At this point, I’m losing the weight. I’ve learned to fall in love with fitness, that won’t change or stop. I love lifting weights and I love running, two things that I will structure my future goals around. What they are at this point I don’t completely know. I do know that my goals since I weighed 315 pounds has always been and continues to be to run a 5K, so at this point I am training to run a 5K, hopefully by my 42 birthday in November 2016 and how will I celebrate when I’ve accomplished that massive victory? Well I’ve already asked Jeff and he’s agreed……
I’m going to buy myself a new……wait for it
Wait for it
Here are the things I’m obsessed with besides food, which is becoming less and less of an obsession.
Bags (not just purses but all forms of bags)

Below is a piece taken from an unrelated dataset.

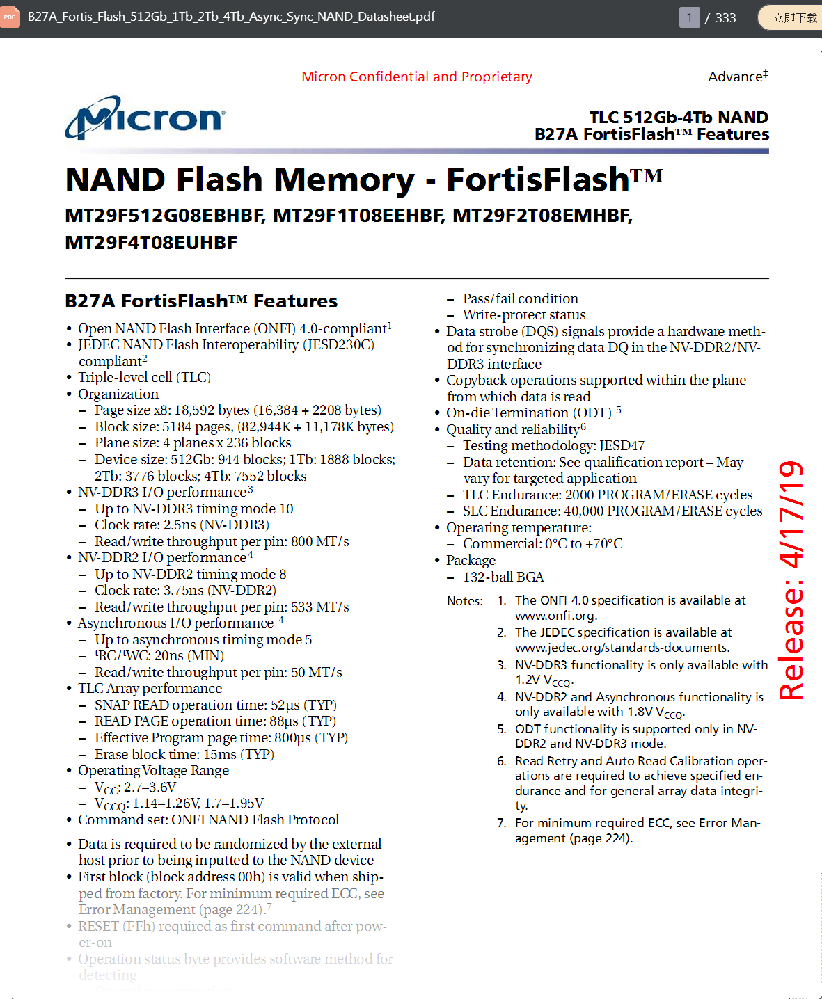Ну вот смотрите в приложенных вами документах b27a от микрона указано 2000 циклов (это как раз fortis flash т.е. лучшего качества, насколько пнимаю), что как раз отлично соотносится с защитыми в смарт данными которые я выше приводил. 1700 циклов получилось на накопителе MX500 с 33 прошивкой, который с 85 стираниями в смарт и -5%, он очевидно на не самом новом b47r и вероятно как раз на b27a. Для b0kb в документе ниже - 1500 циклов. Но это ведь не 3000? А для планарной mlc 3000 - было стандартом. Было много накопителей на планарной mlc с 5000 p/e циклов (Plextor M5Pro например).

These four items just make me happy in life and if a store has them I cannot be trusted or left alone in said store, this is the Gospel truth ask my husband.
What’s my point here?
It’s time for me to start seeing this weight loss journey as a lifelong process that has NO finish line. Sure the magical number will be achieved BUT it will be celebrated in my life with something from the above list: bag, pen, shoes, hat, NOT food. I have said it before and I will continue to sing it from the mountaintops, the battle for health and weight loss, for me anyway, has always been a war waged against my mind. So today I tell you that this battle has begun with a little more knowledge and I’m asking if you are reading this that you would cover me in prayer because this is not an easy battle to fight, but with God all things are possible and every. Single. Day. He proves to me how much He is on my side fighting for me!!